2.4 In vitro fermentation (pH, digestibility of DM, OM, VFA-Total, NH3)
This experiment's working approach is a variation of the two-stage method developed by Tilley and Terry. Centrifugation (3000 rpm, 10 min), broth volume (50 mL) [21]. The methods are as follows:
1. Measure 1.0 g of the dry matter sample and transfer it into 1 mL of McDougall buffer solution, ensuring the pH is set to 8.9, followed by the addition of 10 mL of cattle rumen fluid inoculum.
2. After the fermenter was placed in a 40℃ water bath, CO2 gas was pumped into it, and a vented rubber buffer was placed over it.
3. To kill the microorganisms, 0.2 mL of HgCl2 was added to terminate the fermentation process after a 24-hour incubation period.

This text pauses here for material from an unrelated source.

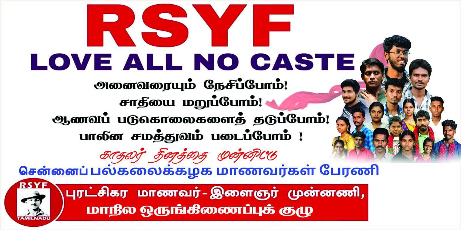 அனைவரையும் நேசிப்போம்! சாதியை மறுப்போம்! ஆணவப்படுகொலை தடுப்போம்! பாலின சமத்துவம் படைப்போம்! என்கிற முழக்கத்தோடு காதலர் தினத்தை முன்னிட்டு புரட்சிகர மாணவர் இளைஞர் முன்னணி சார்பாக மாணவர் பேரணி நடைபெறவுள்ளது.

4. The precipitate was subsequently re-incubated with 20 mL of 0.2% pepsin solution for 24 hours in an open state following the centrifugation of the fermentation result for 5 minutes at 16,400 rpm. Following the application of a vacuum pump, the residual digestive materials were filtered using Whatman filter paper number 41, and subsequently rinsed with 25 milliliters of hot water.
5. A porcelain cup was filled with the filter and filter paper. To examine the residual dry matter, the remaining water content was evaporated in an oven set to 105℃ for 24 hours. Burning the residue for eight hours at 650℃ in an electric furnace allowed for the analysis of organic materials. The fermentation byproduct served as a blank, as it had no substrate.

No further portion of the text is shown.